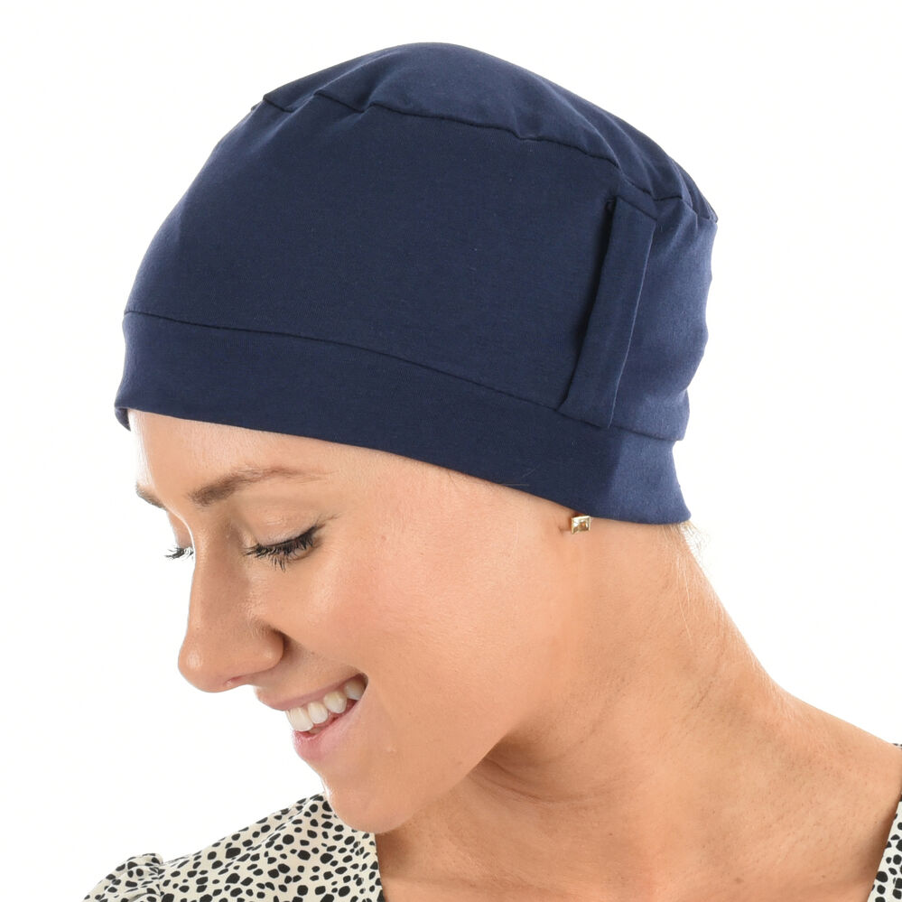 The Looped Cotton Turban – Denise is made of double layers of soft cotton material (95% cotton and 5% spandex). The Looped Cotton Turban – Denise has no harsh seams to irritate tender scalps. It is a great hat for people with sensitive scalps due to thinning hair or hair loss caused by medical conditions such as chemotherapy or alopecia.
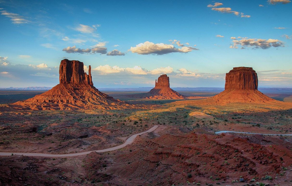 Monument Valley Navajo Tribal Park, located on the Arizona-Utah border, is famous for its striking red sandstone mesas, buttes, and pinnacles that rise dramatically from the desert floor, creating one of the most iconic landscapes of the American Southwest.
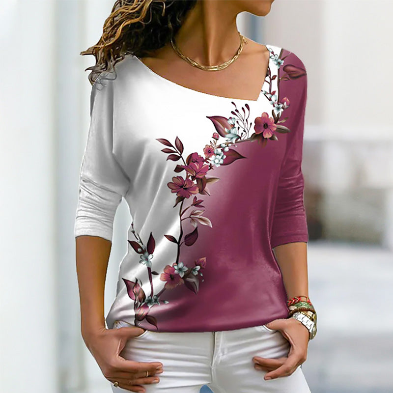 1 * Damska koszulka z długim rękawem w kwiatowy wzór z dekoltem w serek
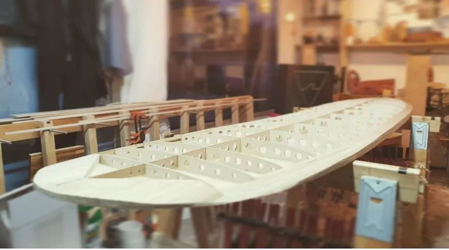 그중 우든 서프보드에 제작 과정을 간단히 설명드리자면, 먼저 제작할 서프보드의 스펙(크기, 쉐입 등)을 정하고 설계를 시작합니다. 그렇게 얻어진 도면으로 뼈대를 제작하고 보드의 아랫판(Bottom)과 붙입니다.
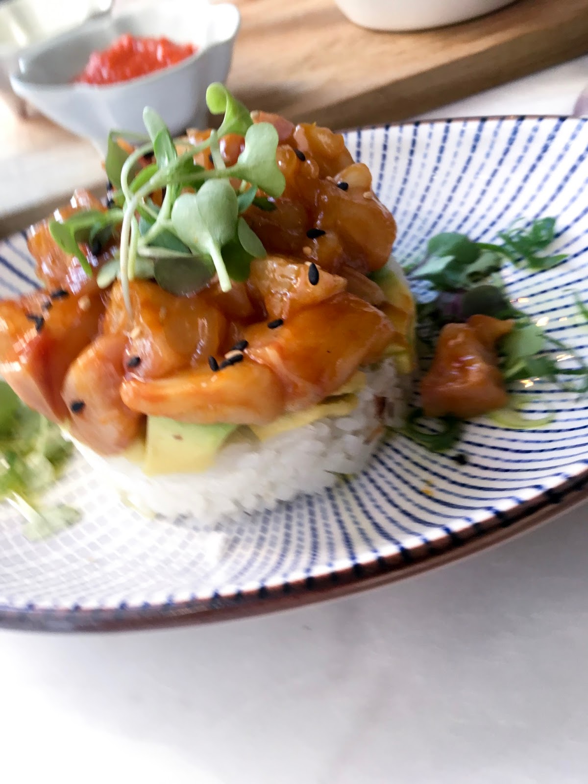 Lubitarta es tartar de lubina con maracuyá y miso dulce sobre arroz. Estaba espectacular. Puede que la ración fuera algo pequeña, pero lo bueno si breve dos veces bueno, y la salsa combinada con el arroz y la textura del pescado me dejaron muy buen sabor de boca.
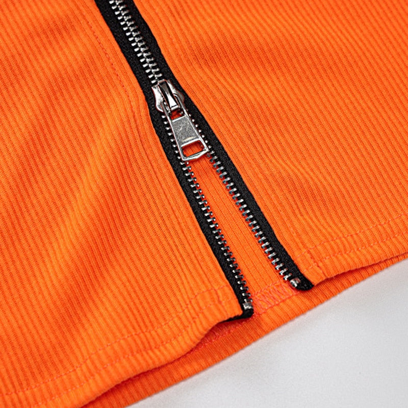 A wardrobe staple, this versatile top is a great way to look stylish and stay cool. With a front zipper closure, it's easy to get on and off without the hassle of buttons. The simple turtleneck collar adds a stylish detail that is sure to become a classic. The bright orange color provides a pop of color to any outfit.
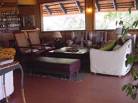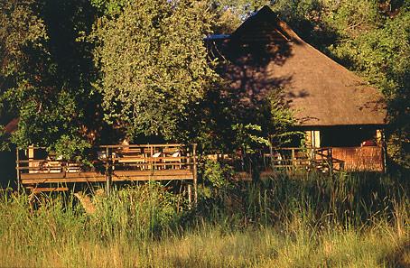 В главном здании лоджа – деревянном бунгало с тростниковой крышей – находятся роскошно обставленная гостиная, библиотека с большой коллекцией книг об африканской природе, экзотический ресторан и изысканный коктейль-бар. Потолочные вентиляторы создают уютную прохладу во всех внутренних помещениях. С широкой общей веранды открываются захватывающие виды на лагуну. Рядом расположен крытый двор «бома» (boma), в котором, при свете большого костра, готовят и подают традиционные африканские ужины.
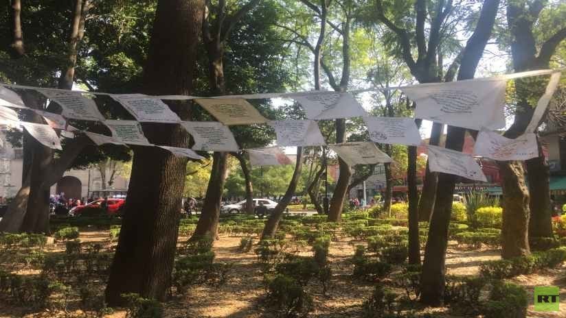 En esta plaza pública de Coyoacán, en la que pasean familias, personas con sus perros y parejas enamoradas, usualmente hay extranjeros que caminan por ahí y se detienen curiosos a mirar qué son esos bordados que cuelgan de los postes.
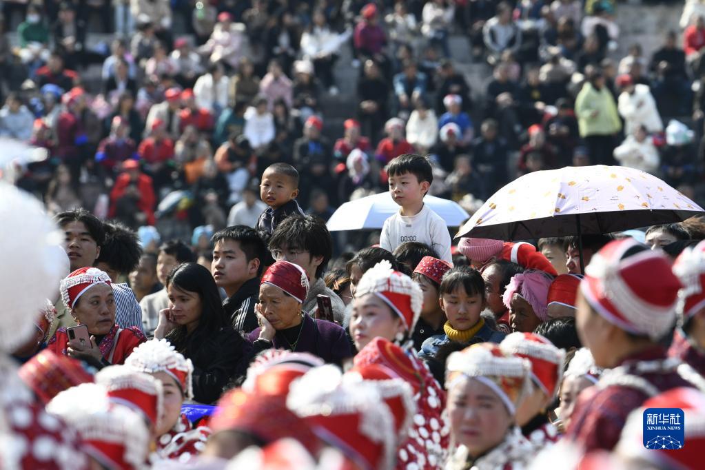 1月31日,群眾在貴州省黔東南苗族侗族自治州黃平縣谷隴鎮觀看盛裝巡游。
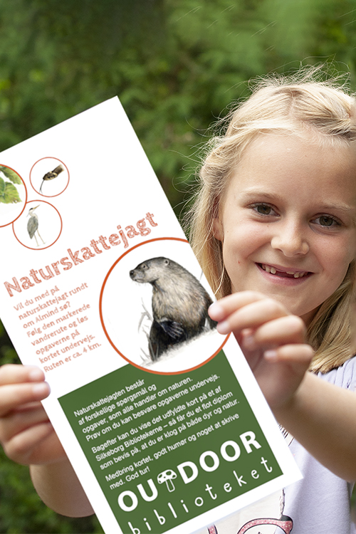 Tag skattekortet under armen og begiv jer ud på naturskattejagt om Almind Sø. Undervejs på den 4 km lange gåtur finder I små opgaver på skattekortet, der gør jer klogere på dyrene og naturen omkring Almind Sø. Se blandt andet om I kan finde de små krible krable dyr, om I kan løbe hurtigere end en snog, eller om I kan løse de små ordgåder.
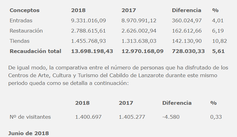 Los Centros de Arte, Cultura y Turismo han mantenido su compromiso con el crecimiento rentable y sostenible durante el primer semestre del presente ejercicio 2018, en el que han logrado recaudar 13.698.198,43 euros, un 5,61% más que en el mismo periodo del pasado año, con un descenso del 0,33% en el número de visitantes. Se dice que una empresa es sostenible cuando crea valor económico, medioambiental y social a corto y largo plazo para favorecer el bienestar y el progreso de la comunidad con la que interactúa. El consejero de los Centros, Echedey Eugenio, considera que los resultados cosechados por la Entidad este primer semestre del año se sustentan en una gestión asociada a "la toma valiente y transparente de decisiones, a la definición clara de los objetivos y a la apuesta firme que hemos realizado por la innovación y el fomento del talento, sin que ello haya supuesto un aumento del consumo de los recursos".
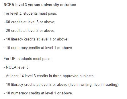 目前,新西蘭的學生想上大學必須具備如下條件:NCEA考試中 level 3中至少3門認證科目中獲得14個學分,leve 2或以上的科目中獲得10個讀寫能力學分,leve 1或以上的科目中獲得10個數學學分。
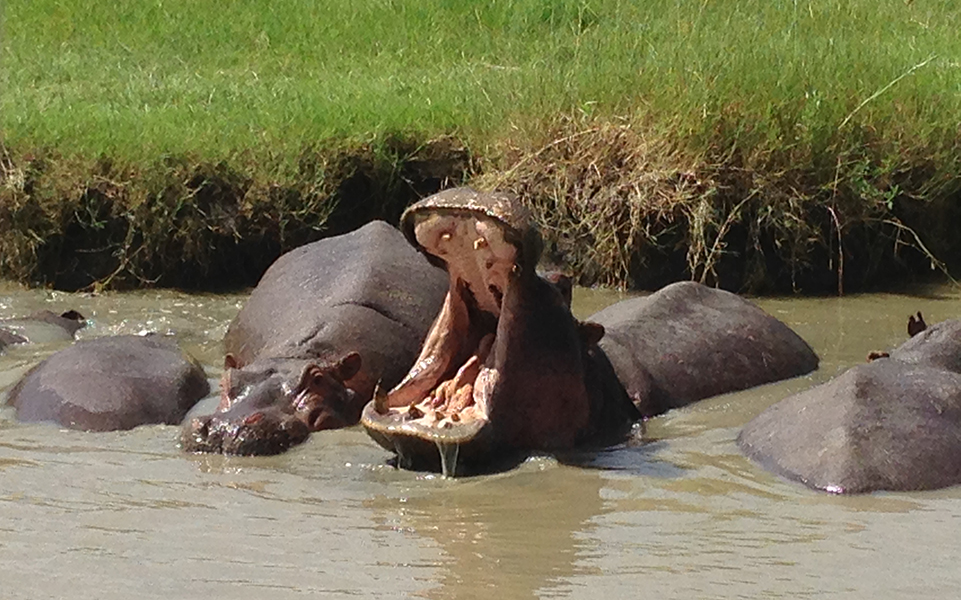 Our safari concluded with a 3-night stay in a fully tented camp located in the middle of the Serengeti. The famous Serengeti is Tanzania’s first National Park and covers a massive 14,750 km² and its name translates to “endless plains” in the Maasai language. Each day we set off in a different direction covering many areas of the Serengeti’s grassy southern plains. The Serengeti plain is punctuated by granite and gneiss outcroppings known as kopjes and we saw extensive wildlife including some of the mammals mentioned previously but also adding the crocodiles, topi, guinea fowl, Elephant Shrews, eagles, jackal pups, hyrax, Coke´s Hartebeest, vultures, huge herds of elephants, tortoise, hyena pups, baby hippos, more cats (at one time 11 lions up the same tree – looking like they were hanging on a lion clothesline!). At night when we slept in our tents we could hear the animals calling at night and in the morning their footprints showed they had walked amongst our tents.
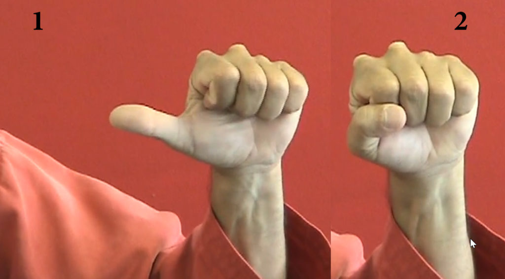 برای مشت کردن صحیح دست ابتدا چهار انگشت را تا نیمه طوری جمع میکنید که هیچ فضایی بین آنها وجود نداشته باشد سپس انگشتان را در کف دست گلوله میکنید (حالت ۱) بعد بند اول شصت را روی بند دوم انگشت سبابه می گذارید حالت ۲
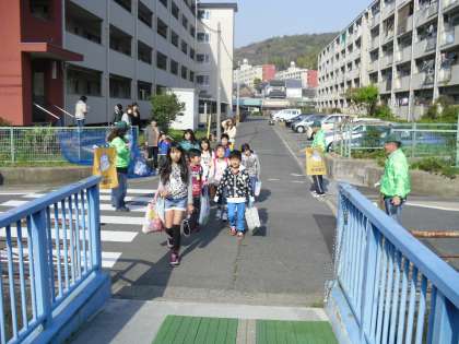今日から新しい町班長さんのもと,集団登校が始まりました。1年生もお兄さん,お姉さんに手をつないでもらって元気よく登校しました。あいさつも上級生を見習ってしっかりと大きな声でできていました。
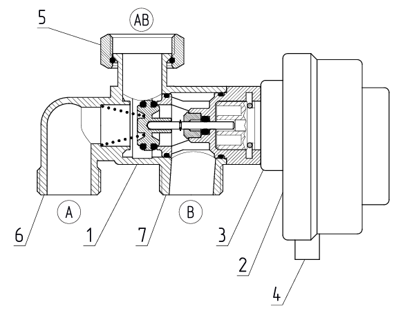 | 1 - Трехходовой клапан 2 - Электрический линейный привод 3 - Фланец двигателя 4 - Трёхконтактная вилка 5 - Вход в трехходовой клапан (АВ) | 6 - Выход в систему отопления (А) 7 - Выход в контур змеевика косвенного водонагревателя (В) |
----------------------------------------
Set down all of the material above exactly as written, leaving the pictures out.

 The Looped Cotton Turban – Denise is made of double layers of soft cotton material (95% cotton and 5% spandex). The Looped Cotton Turban – Denise has no harsh seams to irritate tender scalps. It is a great hat for people with sensitive scalps due to thinning hair or hair loss caused by medical conditions such as chemotherapy or alopecia.
 Monument Valley Navajo Tribal Park, located on the Arizona-Utah border, is famous for its striking red sandstone mesas, buttes, and pinnacles that rise dramatically from the desert floor, creating one of the most iconic landscapes of the American Southwest.
 1 * Damska koszulka z długim rękawem w kwiatowy wzór z dekoltem w serek
 그중 우든 서프보드에 제작 과정을 간단히 설명드리자면, 먼저 제작할 서프보드의 스펙(크기, 쉐입 등)을 정하고 설계를 시작합니다. 그렇게 얻어진 도면으로 뼈대를 제작하고 보드의 아랫판(Bottom)과 붙입니다.
 Lubitarta es tartar de lubina con maracuyá y miso dulce sobre arroz. Estaba espectacular. Puede que la ración fuera algo pequeña, pero lo bueno si breve dos veces bueno, y la salsa combinada con el arroz y la textura del pescado me dejaron muy buen sabor de boca.
 A wardrobe staple, this versatile top is a great way to look stylish and stay cool. With a front zipper closure, it's easy to get on and off without the hassle of buttons. The simple turtleneck collar adds a stylish detail that is sure to become a classic. The bright orange color provides a pop of color to any outfit.
 В главном здании лоджа – деревянном бунгало с тростниковой крышей – находятся роскошно обставленная гостиная, библиотека с большой коллекцией книг об африканской природе, экзотический ресторан и изысканный коктейль-бар. Потолочные вентиляторы создают уютную прохладу во всех внутренних помещениях. С широкой общей веранды открываются захватывающие виды на лагуну. Рядом расположен крытый двор «бома» (boma), в котором, при свете большого костра, готовят и подают традиционные африканские ужины.
 En esta plaza pública de Coyoacán, en la que pasean familias, personas con sus perros y parejas enamoradas, usualmente hay extranjeros que caminan por ahí y se detienen curiosos a mirar qué son esos bordados que cuelgan de los postes.
 1月31日,群眾在貴州省黔東南苗族侗族自治州黃平縣谷隴鎮觀看盛裝巡游。
 Tag skattekortet under armen og begiv jer ud på naturskattejagt om Almind Sø. Undervejs på den 4 km lange gåtur finder I små opgaver på skattekortet, der gør jer klogere på dyrene og naturen omkring Almind Sø. Se blandt andet om I kan finde de små krible krable dyr, om I kan løbe hurtigere end en snog, eller om I kan løse de små ordgåder.
 Los Centros de Arte, Cultura y Turismo han mantenido su compromiso con el crecimiento rentable y sostenible durante el primer semestre del presente ejercicio 2018, en el que han logrado recaudar 13.698.198,43 euros, un 5,61% más que en el mismo periodo del pasado año, con un descenso del 0,33% en el número de visitantes. Se dice que una empresa es sostenible cuando crea valor económico, medioambiental y social a corto y largo plazo para favorecer el bienestar y el progreso de la comunidad con la que interactúa. El consejero de los Centros, Echedey Eugenio, considera que los resultados cosechados por la Entidad este primer semestre del año se sustentan en una gestión asociada a "la toma valiente y transparente de decisiones, a la definición clara de los objetivos y a la apuesta firme que hemos realizado por la innovación y el fomento del talento, sin que ello haya supuesto un aumento del consumo de los recursos".
 目前,新西蘭的學生想上大學必須具備如下條件:NCEA考試中 level 3中至少3門認證科目中獲得14個學分,leve 2或以上的科目中獲得10個讀寫能力學分,leve 1或以上的科目中獲得10個數學學分。
 Our safari concluded with a 3-night stay in a fully tented camp located in the middle of the Serengeti. The famous Serengeti is Tanzania’s first National Park and covers a massive 14,750 km² and its name translates to “endless plains” in the Maasai language. Each day we set off in a different direction covering many areas of the Serengeti’s grassy southern plains. The Serengeti plain is punctuated by granite and gneiss outcroppings known as kopjes and we saw extensive wildlife including some of the mammals mentioned previously but also adding the crocodiles, topi, guinea fowl, Elephant Shrews, eagles, jackal pups, hyrax, Coke´s Hartebeest, vultures, huge herds of elephants, tortoise, hyena pups, baby hippos, more cats (at one time 11 lions up the same tree – looking like they were hanging on a lion clothesline!). At night when we slept in our tents we could hear the animals calling at night and in the morning their footprints showed they had walked amongst our tents.
 برای مشت کردن صحیح دست ابتدا چهار انگشت را تا نیمه طوری جمع میکنید که هیچ فضایی بین آنها وجود نداشته باشد سپس انگشتان را در کف دست گلوله میکنید (حالت ۱) بعد بند اول شصت را روی بند دوم انگشت سبابه می گذارید حالت ۲
今日から新しい町班長さんのもと,集団登校が始まりました。1年生もお兄さん,お姉さんに手をつないでもらって元気よく登校しました。あいさつも上級生を見習ってしっかりと大きな声でできていました。
 | 1 - Трехходовой клапан 2 - Электрический линейный привод 3 - Фланец двигателя 4 - Трёхконтактная вилка 5 - Вход в трехходовой клапан (АВ) | 6 - Выход в систему отопления (А) 7 - Выход в контур змеевика косвенного водонагревателя (В) |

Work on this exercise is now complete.